The invention discloses a virtual overhaul process optimization method for hydropower station equipment, which has the following technical effects:

1) the constraint matrix and the directed graph model which are used for quantitatively representing the equipment can completely and effectively express the constraint relation among the parts of the hydropower station equipment after the combination nodes are added.

2) The position change cost is added into the evaluation index, and two different working conditions of a large tool and a small tool are added into the tool change cost, so that the finally established objective function is closer to the actual overhaul operating environment, and the distance between each part led into the Unity3D can be accurately measured.

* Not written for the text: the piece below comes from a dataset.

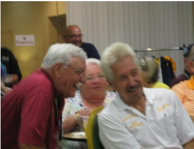
PPSSST – HAVE I GOT A GOOD JOKE FOR YOU!

3) The improved discrete whale algorithm combines optimization heuristic variation and a round-trip optimization operator, can well balance global search capacity and local search capacity, can efficiently solve NP problem, and the Unity3D can complete three-dimensional visualization of a disassembly process by means of a script with rich functions.

Drawings

Fig. 1 is a detailed flowchart of the present embodiment.

Fig. 2 is an exploded view of the downstream pipeline of the water inlet ball valve of the present embodiment.

Fig. 3 is a downstream pipeline directed graph defined in the present embodiment.

FIG. 4 is a downstream pipeline constraint matrix diagram according to this embodiment.

Fig. 5 is a directed graph of the present embodiment.

Fig. 6 is a diagram for generating a feasible solution of the present embodiment.

Fig. 7 is a priority protection constraint cross-plot of the present embodiment.

Fig. 8 is a schematic diagram of the disassembled visualization of Unity3D in this embodiment.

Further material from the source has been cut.